Victor Stănculescu

Personal information
- Date of birth: 2 July 1934
- Place of birth: Frătești, Romania
- Date of death: 12 April 2024 (aged 89)
- Place of death: Chicago, United States

Managerial career
- Years: Team
- 1963: Rapid București
- 1970: Progresul București
- 1970–1974: Yanga
- 1975: Chimia Râmnicu Vâlcea
- 1984: Rapid București
- 1985: Bihor Oradea
- 1994–1995: Maldives
- 1995–1996: Bahrain
- 1997–1998: Tampines Rovers

= Victor Stănculescu (football manager) =

Romanian football manager

Victor Stănculescu (2 July 1934 – 12 April 2024) was a Romanian professional football manager.

==Early life==
Stănculescu was born on 2 July 1934 in Frătești, Romania.
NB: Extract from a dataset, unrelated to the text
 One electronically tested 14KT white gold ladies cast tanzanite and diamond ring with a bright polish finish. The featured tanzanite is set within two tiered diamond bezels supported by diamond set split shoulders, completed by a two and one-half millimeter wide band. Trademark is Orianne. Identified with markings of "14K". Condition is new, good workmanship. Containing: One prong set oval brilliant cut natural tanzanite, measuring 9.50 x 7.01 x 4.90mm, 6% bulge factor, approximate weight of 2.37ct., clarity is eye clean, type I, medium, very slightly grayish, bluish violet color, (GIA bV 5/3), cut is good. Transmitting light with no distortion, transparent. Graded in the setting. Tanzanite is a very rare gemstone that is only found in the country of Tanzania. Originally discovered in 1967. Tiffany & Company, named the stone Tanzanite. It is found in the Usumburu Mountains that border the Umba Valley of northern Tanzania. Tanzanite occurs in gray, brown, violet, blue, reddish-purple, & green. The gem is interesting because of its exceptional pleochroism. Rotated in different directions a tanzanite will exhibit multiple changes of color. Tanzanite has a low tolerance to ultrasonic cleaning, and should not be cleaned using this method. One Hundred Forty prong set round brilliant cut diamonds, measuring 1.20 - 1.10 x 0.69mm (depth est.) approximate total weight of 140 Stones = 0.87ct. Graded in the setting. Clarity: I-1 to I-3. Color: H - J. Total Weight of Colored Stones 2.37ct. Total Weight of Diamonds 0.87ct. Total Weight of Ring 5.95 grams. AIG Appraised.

He had a sister.

==Career==
He was assistant manager of Romanian side Rapid. He helped the club win the league.
In 1970, he was appointed manager of Tanzanian side Yanga. In 1974, he was appointed manager of Romanian side Chimia Râmnicu Vâlcea. In 1993, he was appointed manager of the Maldives national football team. In 1995, he was appointed manager of the Bahrain national football team. In 1997, he was appointed manager of Singaporean side Tampines Rovers.

==Management style==
He was described as "insisted on playing 3-5-2".

==Personal life==
He has lived in Chicago, United States. He has worked as a sports psychologist.